The railway now faces a new customer profile in which the biggest peak may be at weekends, so that it may no longer be possible to do engineering work then. The industry must be ready to support implementation of the recommendations from the Williams Review, which arose out of a difficult timetable change two years ago but may now lead to new contractual relationships. The advantages of having a strong controlling mind can be seen at Transport Scotland, and the need for best value points to retaining the achievements of the rolling-stock companies in keeping many billions of investment out of the public sector accounts so as to protect spend on other public services while promoting best value throughout whole asset-life and supporting supply chains to deliver best value for both taxpayer and farepayer.
Pending the appearance of a White Paper, train operations are being protected by Emergency Recovery Measures Arrangements, but the Welsh Government has opted to take the Transport for Wales network into full public ownership. Once present circumstances are behind us, Long Marston will exemplify the future, on a 12-acre site bringing together SMEs to show to investors the value of working to algorithms embodying whole-life principles while always demonstrating that safety is in the industry's DNA.

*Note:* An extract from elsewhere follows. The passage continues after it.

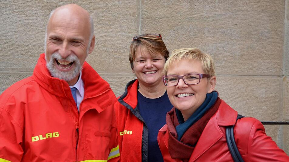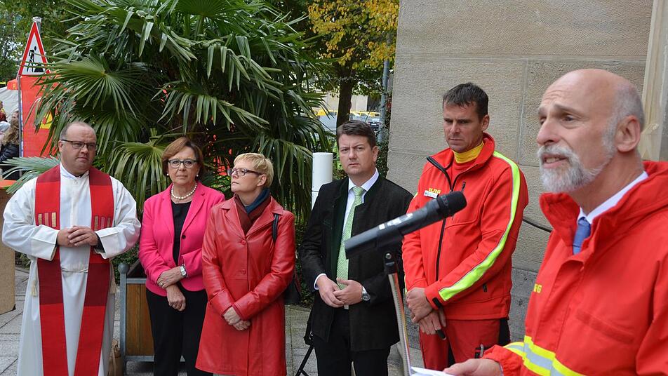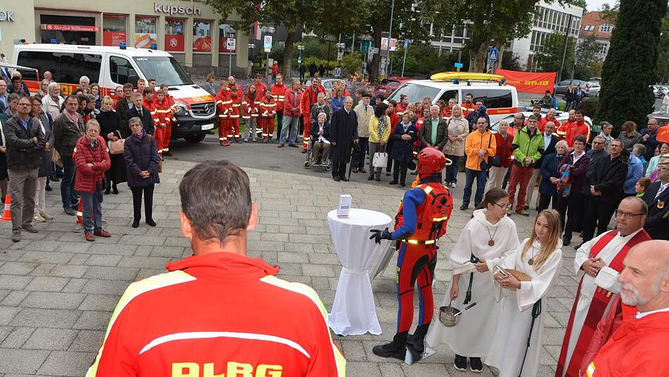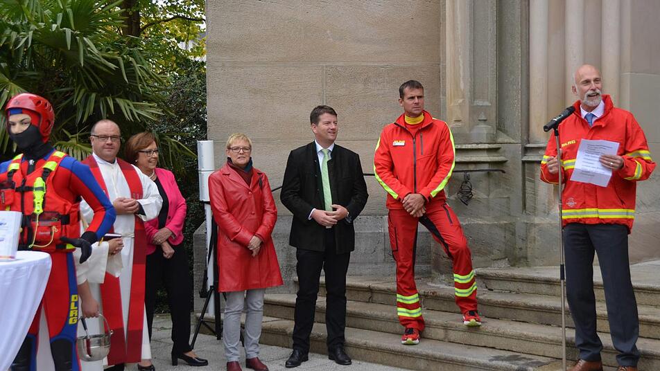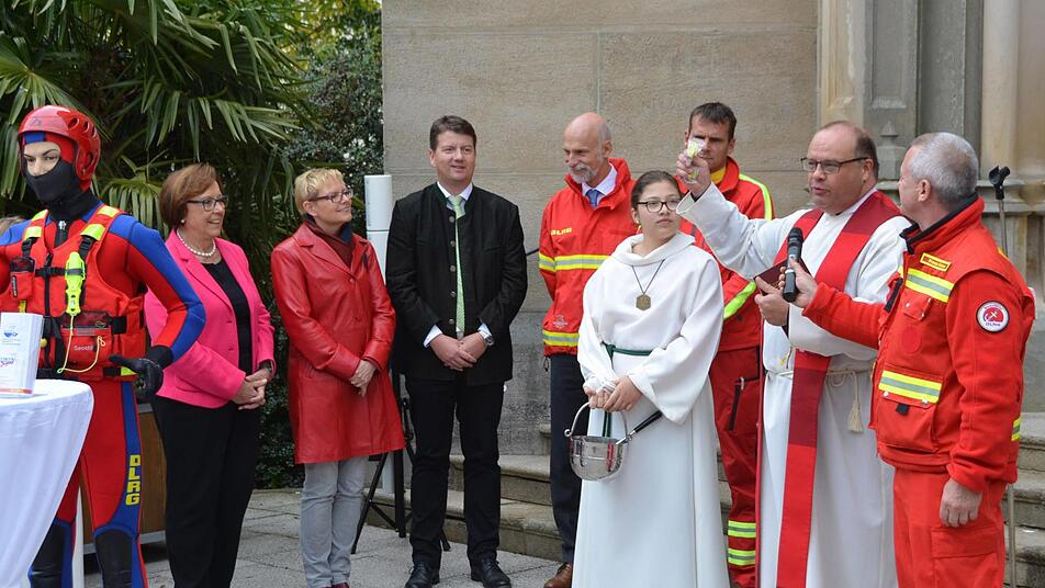 Pfarrer Greier überreichte an den Vorsitzenden drei kleine Schutzengel für die Fahrzeuge "damit Ihr bei jedem Einsatz und bei jeder Übung gut beschützt seid". Für die evangelische Kirchengemeinde, dessen Pfarrerin verhindert war, sprach er ebenfalls die besten Segenswünsche aus, bevor er mit viel Weihwasser die aufgebauten Einsatzgeräte segnete. Oberbürgermeister Kay Blankenburg, der ebenso wie MdB Sabine Dittmar und MdL Sandro Kirchner der Veranstaltung beiwohnten, ging in seinem Grußwort kurz auf die Gründung der Deutschen Lebensrettungsgesellschaft im Jahr 1913 ein und betonte, dass sie auch heute noch ebenso gebraucht werde wie vor über hundert Jahren, als kaum zwei Prozent der Bevölkerung überhaupt schwimmen konnte. Heute seien nur die Aufgaben vielseitiger geworden und selbst die meist besinnlich dahinfließende Saale könne sich schnell in einen reißenden Strom verwandeln.

With remote working, new skills may be attracted that no longer have to be bound by co-location, and it may be easier in future to retain and develop staff by offering a wider range of career-enhancing activity to keep people interested. Another new focus is on fitting the European Train Control System, starting with the Class 387s now used on the Heathrow Express and on the Great Northern route into Kings Cross. Freight will also be a focus in the years ahead, with more Class 319s repurposed to take lightweight logistics from places like London Gateway and middle-aged diesel Class 66s fitted with the MNOX programme to improve air quality in anticipation of their being needed to haul construction trains for new housebuilding programmes. And of course HS2 holds out prospects for the entire industry by its provision of extra capacity, releasing existing networks to meet new passenger and freight needs.